As damas, pelo contrário, são em tudo portuguesas: tristes e meigas. Quase que não falam, e ao passar-se em atelliers divisam-se pelas portinholas rostos pálidos, de olhares tímidos e mornos. Ainda assim, denota-se-lhes o espírito altivo de antigas fidalgas quando pelas salas rastejam a longa cauda de seus vestidos. Em família, a alegria quase mística da portuguesa, a serenidade do gesto e meiguice no olhar, reveste-as de um encanto irresistível, fascinador.
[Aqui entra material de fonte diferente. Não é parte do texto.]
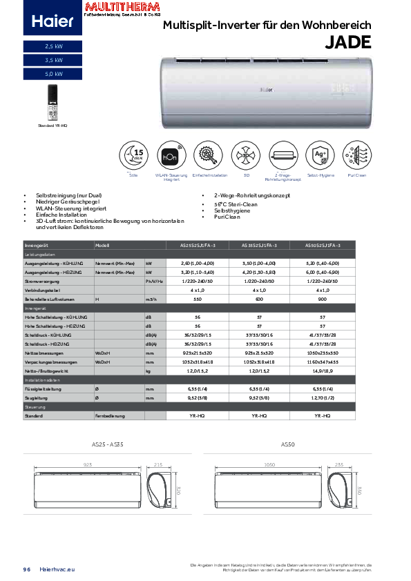 Das high-end Modell Jade verfügt über ein elegantes Innengerät mit einem weißen Design-Paneel und einem weißen LCD-Display. Der integrierte Eco-Sensor hilft dazu einen 3D-Luftstrom zu erzeugen, welcher auf den Benutzer gerichtet werden kann, oder von diesem abgewandt wird. Bei diesem high-end Gerät ist ein IFD-Luftfiltersystem verbaut. Weiters führt dieses Modell eine Selbstreinigung durch. Die Selbstreinigungsfunktion friert die Verdampferoberfläche mit der in der Luft vorhandenen Feuchtigkeit ein und entfernt den Schmutz während des Abtauens. Dieser Schmutz begünstigt das Wachstum von Bakterien und beeinträchtigt die Qualität der Luft.

Tínhamos deixado o Convento do Cabo, hoje palácio de recreio dos governadores; o Campal, o melhor passeio de Pangim; Reis Magos e Aguada, dobrados sobre o rio; Caranzalem, com as suas larguíssimas e brancas praias, para onde a elite da capital vai passar a estação calmosa. Do outro lado, para o sul da ilha, entre a península de Mormugão e Dona Paula, tudo está mudado. É uma cidade nova, cheia de fumo , a baía coalhada de vapores, constantes apitos, guinchos dos guindastes, uma babel de línguas e o eterno, oh! inglês, parvo de tanta glória, à nossa custa. Deixemo-lo em paz, o nosso fiel aliado. Espraiemos a nossa vista pelas margens do Mandovi, serenas e belas.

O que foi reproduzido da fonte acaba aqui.